Por Cristian Riom, analista de política internacional
El portaaviones nuclear USS George Washington comenzó los ejercicios militares en Argentina
La llegada del portaaviones USS George Washington a aguas argentinas, en el marco de los ejercicios conjuntos “Gringo-Gaucho II”, marca un punto más en la relación “especial” de nuestro país con los Estados Unidos de Norteamérica.
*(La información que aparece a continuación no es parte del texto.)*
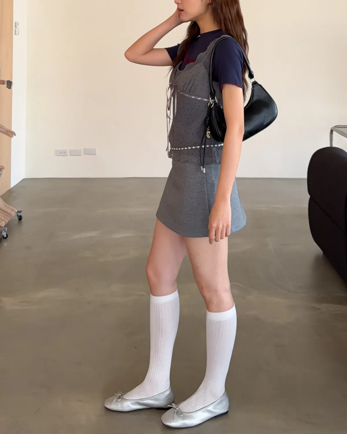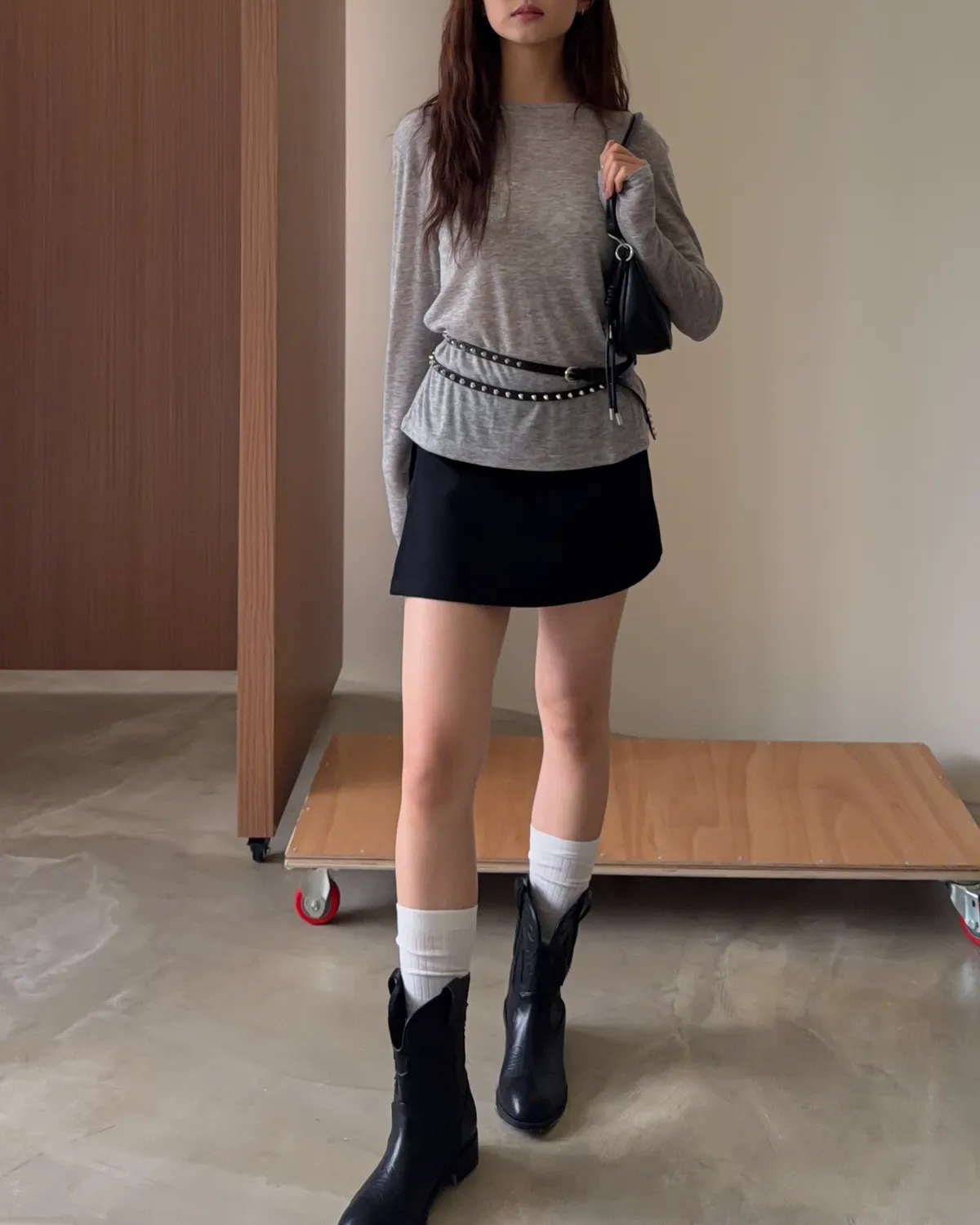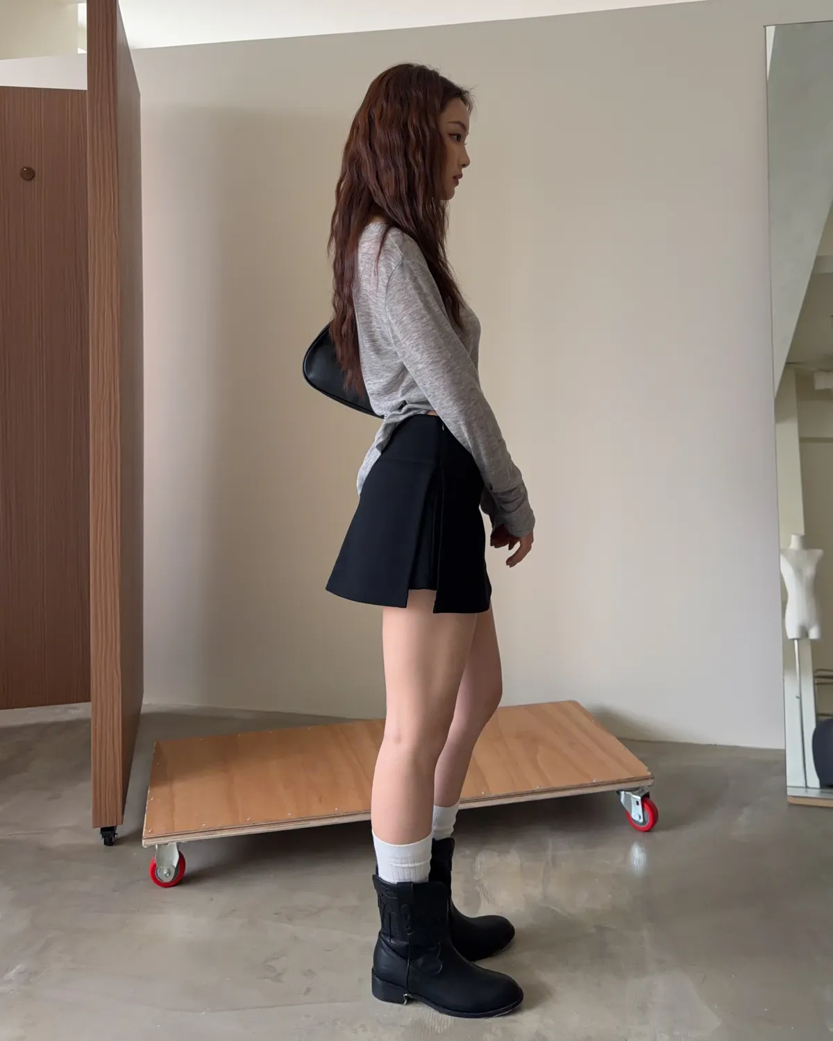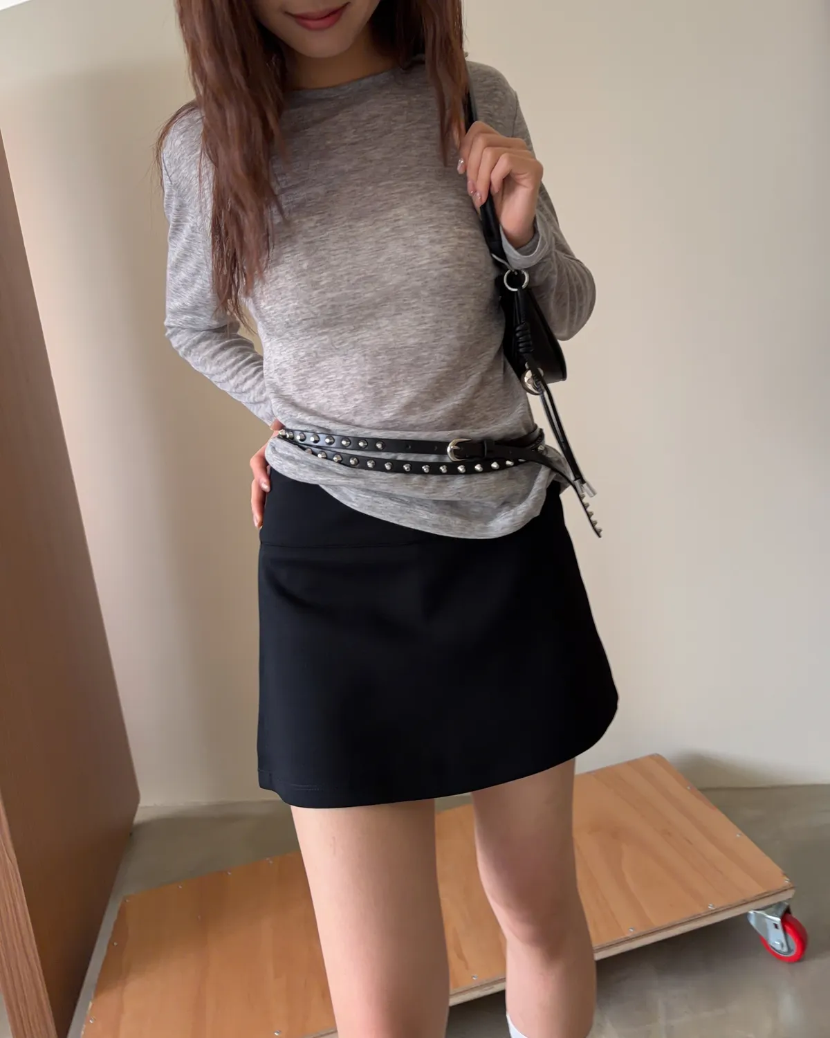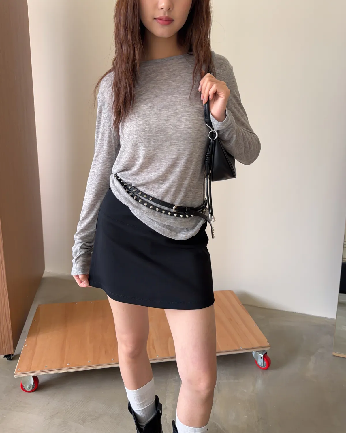 B0031側開衩棉短褲裙(灰/黑)

Esta relación tiene características de alineamiento automático, es decir, sin cuestionamientos a las políticas llevadas adelante por Washington con todo lo que ello implica. Esta “visita” de la Armada estadounidense no es exclusiva para Argentina ya que había recalado anteriormente en Brasil y posteriormente lo hará en Chile, Perú y Ecuador, cómo parte de “Southern Seas 2024” y en viaje hacia el Pacífico, ya que este tipo de buques, por su dimensión no pueden cruzar el Canal de Panamá.
El Ejercicio Naval conjunto entre ambas Armadas consiste en prácticas de combate antisubmarina y antiaéreas y participan las embarcaciones argentinas ARA La Argentina, ARA Sarandí, ARA Espora, ARA Rosales, los patrulleros oceánicos, helicópteros y aviones de vigilancia.
Mas allá de las cuestiones técnicas inherentes a los ejercicios militares, el tema de fondo es el control que EEUU tendrá de los “mares del sur” con sus propios recursos y la interacción con las fuerzas armadas latinoamericanas, fundamentalmente con aquellas que tienen afinidad política e ideológica con Washington, Argentina, Uruguay, Perú y Ecuador.
Este regreso de Sudamérica, a la que EEUU siempre consideró su “patio trasero”, permite alejar la influencia de su mayor competidor mundial que es China y así tener aisladas las presencias de Rusia e Irán en países de la región como Bolivia y Venezuela.